Tue Sep 13 18:36:09 2011
ALTER SYSTEM SET local_listener='(DESCRIPTION=(ADDRESS_LIST=(ADDRESS=(PROTOCOL=TCP)(HOST=X.X.X.X)(PORT=1521))))' SCOPE=MEMORY SID='+ASM2';
Tue Sep 13 18:52:47 2011
Starting background process XDWK
Tue Sep 13 18:52:48 2011
XDWK started with pid=29, OS id=10912 
Tue Sep 13 18:52:50 2011
NOTE: disk validation pending for group 2/0xe224a1b (DBFS_DG)
SUCCESS: validated disks for 2/0xe224a1b (DBFS_DG)
NOTE: disk validation pending for group 2/0xe224a1b (DBFS_DG)
NOTE: Assigning number (2,30) to disk (o/192.168.10.11/DBFS_DG_CD_07_mos1cel07)
NOTE: Assigning number (2,31) to disk (o/192.168.10.11/DBFS_DG_CD_09_mos1cel07)
NOTE: Assigning number (2,32) to disk (o/192.168.10.11/DBFS_DG_CD_05_mos1cel07)
NOTE: Assigning number (2,33) to disk (o/192.168.10.11/DBFS_DG_CD_10_mos1cel07)
NOTE: Assigning number (2,34) to disk (o/192.168.10.11/DBFS_DG_CD_04_mos1cel07)
NOTE: Assigning number (2,35) to disk (o/192.168.10.11/DBFS_DG_CD_02_mos1cel07)
NOTE: Assigning number (2,36) to disk (o/192.168.10.11/DBFS_DG_CD_03_mos1cel07)
NOTE: Assigning number (2,37) to disk (o/192.168.10.11/DBFS_DG_CD_11_mos1cel07)
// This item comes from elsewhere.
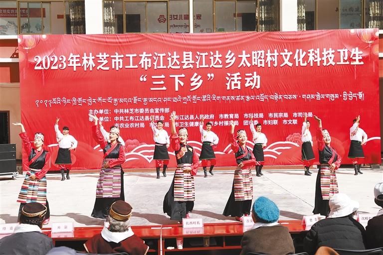 近日,由林芝市委宣传部牵头在工布江达县江达乡太昭村联合举办林芝市文化科技卫生“三下乡”活动。林芝市、工布江达县两级文艺工作者为现场群众送上的《续写盛世》《栢榭》等精彩节目和哈呼曲艺社带来的语言类节目《学习国家通用语言文字》,深受群众喜爱,节目中还穿插党的二十大精神等相关知识问答环节,在场群众积极参与,踊跃回答,现场气氛十分活跃。
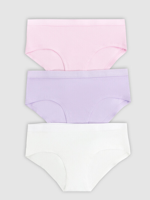 Мультипак (3 шт.) стильных трусиков-шортов из трикотажной рибаны – в мелкий рубчик. Нижние срезы подогнуты, на верхнем срезе –  жаккардовая тесьма. Актуальный выбор!

NOTE: Assigning number (2,38) to disk (o/192.168.10.11/DBFS_DG_CD_06_mos1cel07)
NOTE: Assigning number (2,39) to disk (o/192.168.10.11/DBFS_DG_CD_08_mos1cel07)
SUCCESS: validated disks for 2/0xe224a1b (DBFS_DG)
NOTE: membership refresh pending for group 2/0xe224a1b (DBFS_DG)
Tue Sep 13 18:52:56 2011
GMON querying group 2 at 10 for pid 19, osid 29830
NOTE: cache opening disk 30 of grp 2: DBFS_DG_CD_07_MOS1CEL07 path:o/192.168.10.11/DBFS_DG_CD_07_mos1cel07
NOTE: cache opening disk 31 of grp 2: DBFS_DG_CD_09_MOS1CEL07 path:o/192.168.10.11/DBFS_DG_CD_09_mos1cel07
NOTE: cache opening disk 32 of grp 2: DBFS_DG_CD_05_MOS1CEL07 path:o/192.168.10.11/DBFS_DG_CD_05_mos1cel07
NOTE: cache opening disk 33 of grp 2: DBFS_DG_CD_10_MOS1CEL07 path:o/192.168.10.11/DBFS_DG_CD_10_mos1cel07
NOTE: cache opening disk 34 of grp 2: DBFS_DG_CD_04_MOS1CEL07 path:o/192.168.10.11/DBFS_DG_CD_04_mos1cel07
NOTE: cache opening disk 35 of grp 2: DBFS_DG_CD_02_MOS1CEL07 path:o/192.168.10.11/DBFS_DG_CD_02_mos1cel07
NOTE: cache opening disk 36 of grp 2: DBFS_DG_CD_03_MOS1CEL07 path:o/192.168.10.11/DBFS_DG_CD_03_mos1cel07
NOTE: cache opening disk 37 of grp 2: DBFS_DG_CD_11_MOS1CEL07 path:o/192.168.10.11/DBFS_DG_CD_11_mos1cel07
NOTE: cache opening disk 38 of grp 2: DBFS_DG_CD_06_MOS1CEL07 path:o/192.168.10.11/DBFS_DG_CD_06_mos1cel07
NOTE: cache opening disk 39 of grp 2: DBFS_DG_CD_08_MOS1CEL07 path:o/192.168.10.11/DBFS_DG_CD_08_mos1cel07
NOTE: Attempting voting file refresh on diskgroup DBFS_DG
GMON querying group 2 at 11 for pid 19, osid 29830
SUCCESS: refreshed membership for 2/0xe224a1b (DBFS_DG)

After the rebalance is complete, the storage has been added, and everything is ready to go. No downtime needed. Keep in mind that the same processes are in place for adding other storage through purchasing single storage cells, or adding Exadata expansion racks. In these cases, the griddisks will need to be configured to match the existing griddisk sizes.